#### About this exercise:
Could you transcribe each entry below exactly, minus the images?

#### Data to use:
--------
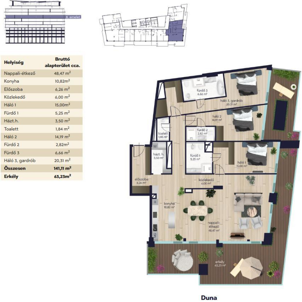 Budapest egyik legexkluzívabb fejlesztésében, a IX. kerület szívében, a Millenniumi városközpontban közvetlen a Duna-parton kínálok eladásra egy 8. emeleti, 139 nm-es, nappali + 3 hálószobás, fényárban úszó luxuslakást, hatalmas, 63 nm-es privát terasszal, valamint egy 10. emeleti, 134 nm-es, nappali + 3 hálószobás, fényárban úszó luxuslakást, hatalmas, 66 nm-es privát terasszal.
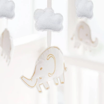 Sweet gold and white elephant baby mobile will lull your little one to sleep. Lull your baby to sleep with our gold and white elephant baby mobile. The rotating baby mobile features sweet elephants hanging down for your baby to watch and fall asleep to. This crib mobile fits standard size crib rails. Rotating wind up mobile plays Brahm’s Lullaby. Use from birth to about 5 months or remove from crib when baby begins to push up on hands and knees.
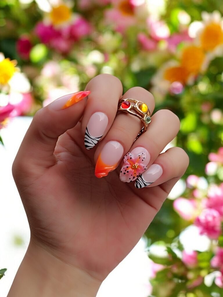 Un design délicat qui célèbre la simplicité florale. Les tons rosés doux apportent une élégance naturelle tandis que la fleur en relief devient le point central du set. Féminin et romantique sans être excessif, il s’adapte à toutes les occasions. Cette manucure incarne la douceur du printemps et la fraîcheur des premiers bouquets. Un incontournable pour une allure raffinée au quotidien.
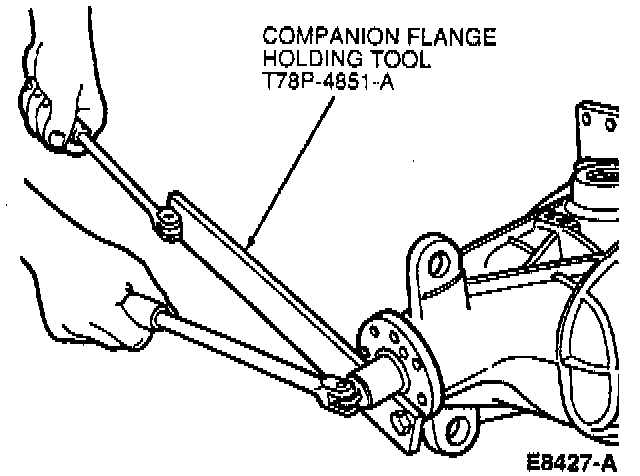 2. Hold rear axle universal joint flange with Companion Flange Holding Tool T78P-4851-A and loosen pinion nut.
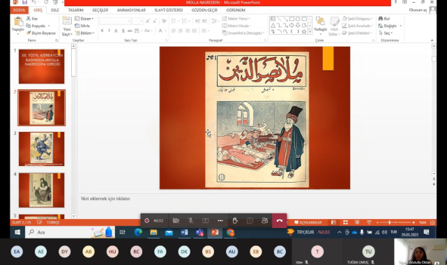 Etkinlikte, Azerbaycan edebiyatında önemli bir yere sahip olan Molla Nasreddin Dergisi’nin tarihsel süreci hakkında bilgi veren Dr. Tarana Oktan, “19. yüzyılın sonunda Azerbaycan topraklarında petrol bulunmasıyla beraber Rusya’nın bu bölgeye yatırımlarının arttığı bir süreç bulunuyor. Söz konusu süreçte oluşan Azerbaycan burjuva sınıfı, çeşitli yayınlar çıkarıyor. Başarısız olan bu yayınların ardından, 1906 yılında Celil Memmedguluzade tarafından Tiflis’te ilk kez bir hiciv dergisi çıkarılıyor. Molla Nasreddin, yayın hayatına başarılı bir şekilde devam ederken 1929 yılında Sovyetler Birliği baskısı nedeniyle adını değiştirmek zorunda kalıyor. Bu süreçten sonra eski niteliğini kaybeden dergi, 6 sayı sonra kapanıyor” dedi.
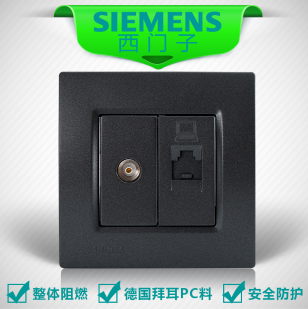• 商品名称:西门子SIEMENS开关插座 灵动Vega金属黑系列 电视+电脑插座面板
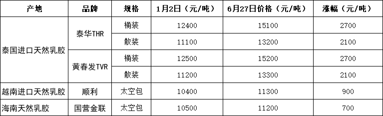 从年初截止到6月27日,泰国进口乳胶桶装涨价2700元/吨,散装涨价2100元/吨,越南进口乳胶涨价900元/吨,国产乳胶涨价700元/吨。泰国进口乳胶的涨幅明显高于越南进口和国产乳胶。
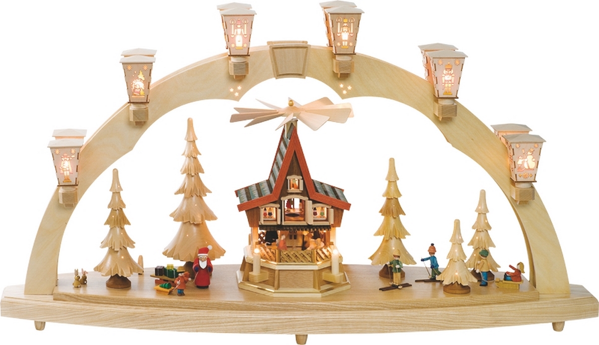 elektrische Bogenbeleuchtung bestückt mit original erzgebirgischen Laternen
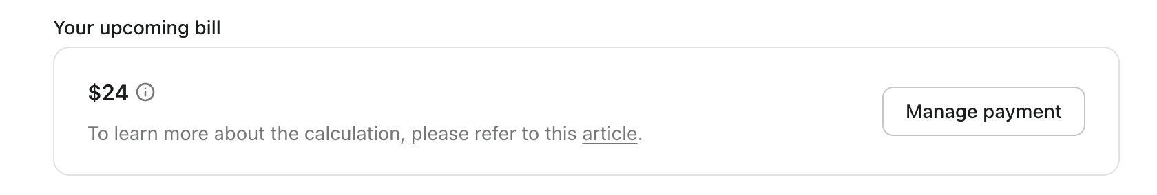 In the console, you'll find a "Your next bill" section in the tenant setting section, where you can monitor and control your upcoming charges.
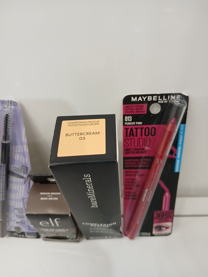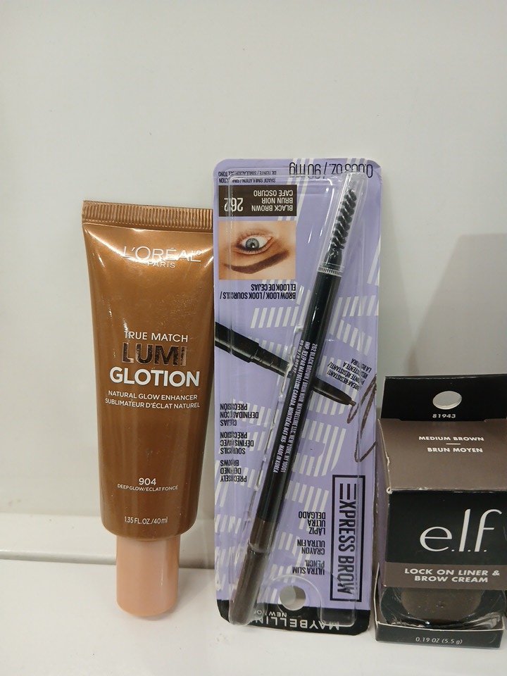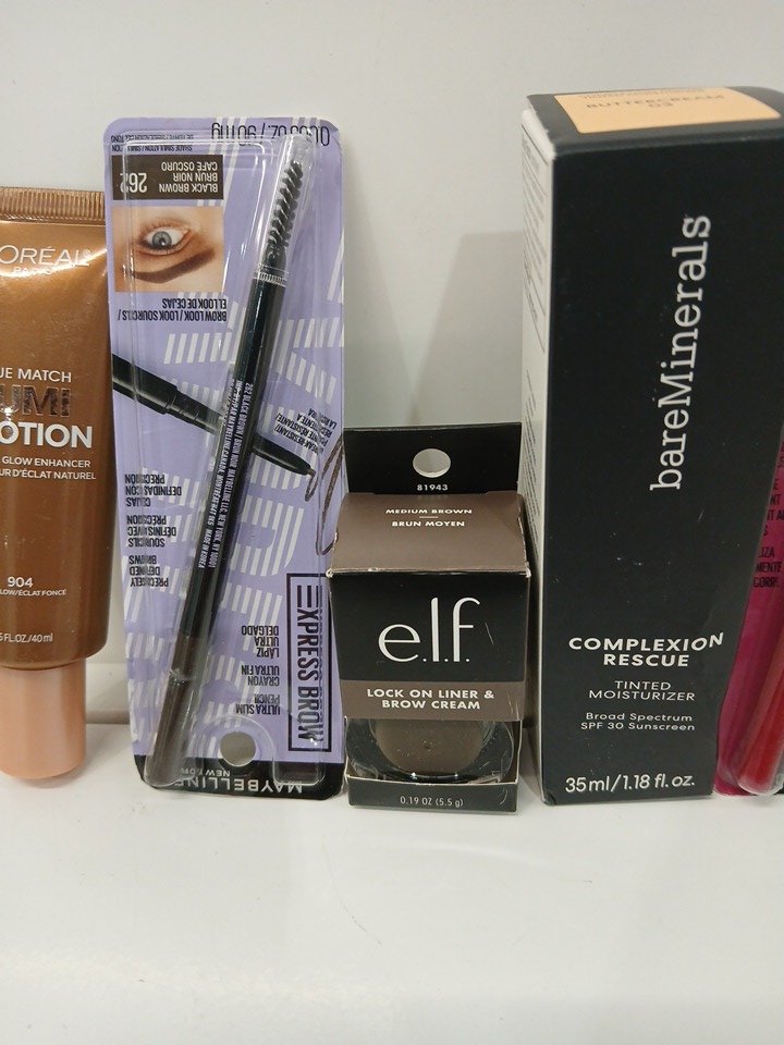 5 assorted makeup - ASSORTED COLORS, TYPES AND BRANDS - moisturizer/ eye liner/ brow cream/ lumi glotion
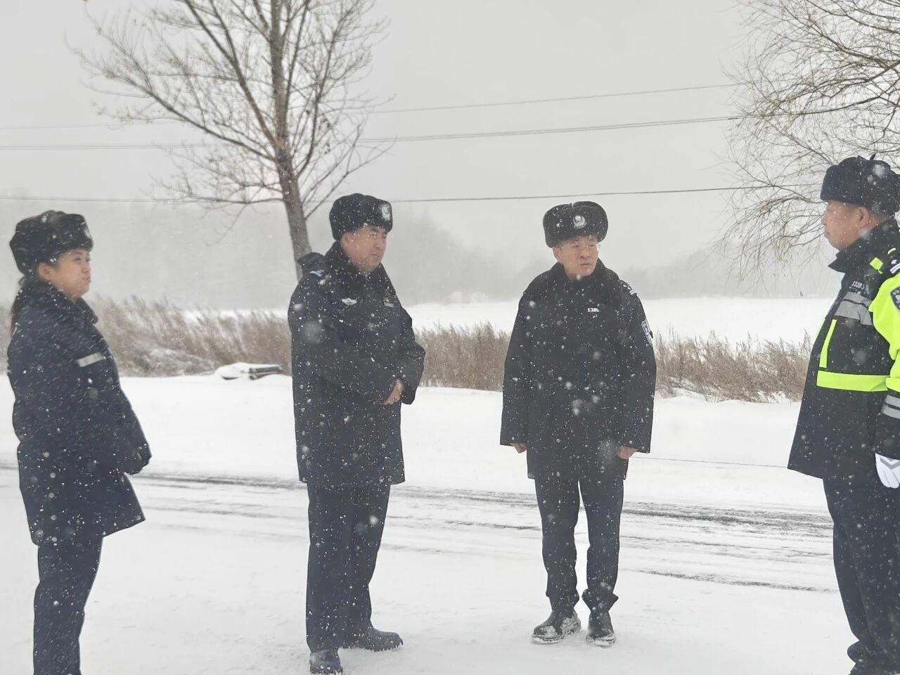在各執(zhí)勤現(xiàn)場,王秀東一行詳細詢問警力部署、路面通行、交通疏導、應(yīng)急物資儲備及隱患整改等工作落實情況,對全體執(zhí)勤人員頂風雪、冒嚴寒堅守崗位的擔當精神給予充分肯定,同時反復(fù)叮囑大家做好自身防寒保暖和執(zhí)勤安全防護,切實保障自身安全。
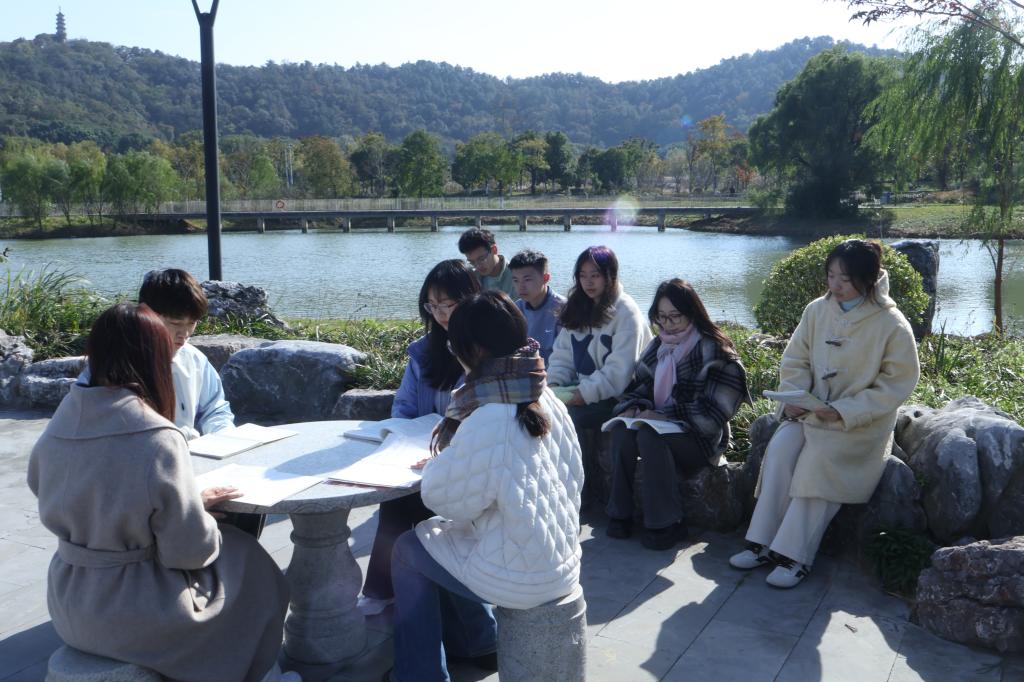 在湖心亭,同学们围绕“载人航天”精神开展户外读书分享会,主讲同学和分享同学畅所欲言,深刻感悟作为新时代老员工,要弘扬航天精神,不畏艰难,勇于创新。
--------
#### Finished task:
 Budapest egyik legexkluzívabb fejlesztésében, a IX. kerület szívében, a Millenniumi városközpontban közvetlen a Duna-parton kínálok eladásra egy 8. emeleti, 139 nm-es, nappali + 3 hálószobás, fényárban úszó luxuslakást, hatalmas, 63 nm-es privát terasszal, valamint egy 10. emeleti, 134 nm-es, nappali + 3 hálószobás, fényárban úszó luxuslakást, hatalmas, 66 nm-es privát terasszal.
 Sweet gold and white elephant baby mobile will lull your little one to sleep. Lull your baby to sleep with our gold and white elephant baby mobile. The rotating baby mobile features sweet elephants hanging down for your baby to watch and fall asleep to. This crib mobile fits standard size crib rails. Rotating wind up mobile plays Brahm’s Lullaby. Use from birth to about 5 months or remove from crib when baby begins to push up on hands and knees.
 Un design délicat qui célèbre la simplicité florale. Les tons rosés doux apportent une élégance naturelle tandis que la fleur en relief devient le point central du set. Féminin et romantique sans être excessif, il s’adapte à toutes les occasions. Cette manucure incarne la douceur du printemps et la fraîcheur des premiers bouquets. Un incontournable pour une allure raffinée au quotidien.
 2. Hold rear axle universal joint flange with Companion Flange Holding Tool T78P-4851-A and loosen pinion nut.
 Etkinlikte, Azerbaycan edebiyatında önemli bir yere sahip olan Molla Nasreddin Dergisi’nin tarihsel süreci hakkında bilgi veren Dr. Tarana Oktan, “19. yüzyılın sonunda Azerbaycan topraklarında petrol bulunmasıyla beraber Rusya’nın bu bölgeye yatırımlarının arttığı bir süreç bulunuyor. Söz konusu süreçte oluşan Azerbaycan burjuva sınıfı, çeşitli yayınlar çıkarıyor. Başarısız olan bu yayınların ardından, 1906 yılında Celil Memmedguluzade tarafından Tiflis’te ilk kez bir hiciv dergisi çıkarılıyor. Molla Nasreddin, yayın hayatına başarılı bir şekilde devam ederken 1929 yılında Sovyetler Birliği baskısı nedeniyle adını değiştirmek zorunda kalıyor. Bu süreçten sonra eski niteliğini kaybeden dergi, 6 sayı sonra kapanıyor” dedi.
• 商品名称:西门子SIEMENS开关插座 灵动Vega金属黑系列 电视+电脑插座面板
 从年初截止到6月27日,泰国进口乳胶桶装涨价2700元/吨,散装涨价2100元/吨,越南进口乳胶涨价900元/吨,国产乳胶涨价700元/吨。泰国进口乳胶的涨幅明显高于越南进口和国产乳胶。
 elektrische Bogenbeleuchtung bestückt mit original erzgebirgischen Laternen
 In the console, you'll find a "Your next bill" section in the tenant setting section, where you can monitor and control your upcoming charges.
 5 assorted makeup - ASSORTED COLORS, TYPES AND BRANDS - moisturizer/ eye liner/ brow cream/ lumi glotion
在各執(zhí)勤現(xiàn)場,王秀東一行詳細詢問警力部署、路面通行、交通疏導、應(yīng)急物資儲備及隱患整改等工作落實情況,對全體執(zhí)勤人員頂風雪、冒嚴寒堅守崗位的擔當精神給予充分肯定,同時反復(fù)叮囑大家做好自身防寒保暖和執(zhí)勤安全防護,切實保障自身安全。
 在湖心亭,同学们围绕“载人航天”精神开展户外读书分享会,主讲同学和分享同学畅所欲言,深刻感悟作为新时代老员工,要弘扬航天精神,不畏艰难,勇于创新。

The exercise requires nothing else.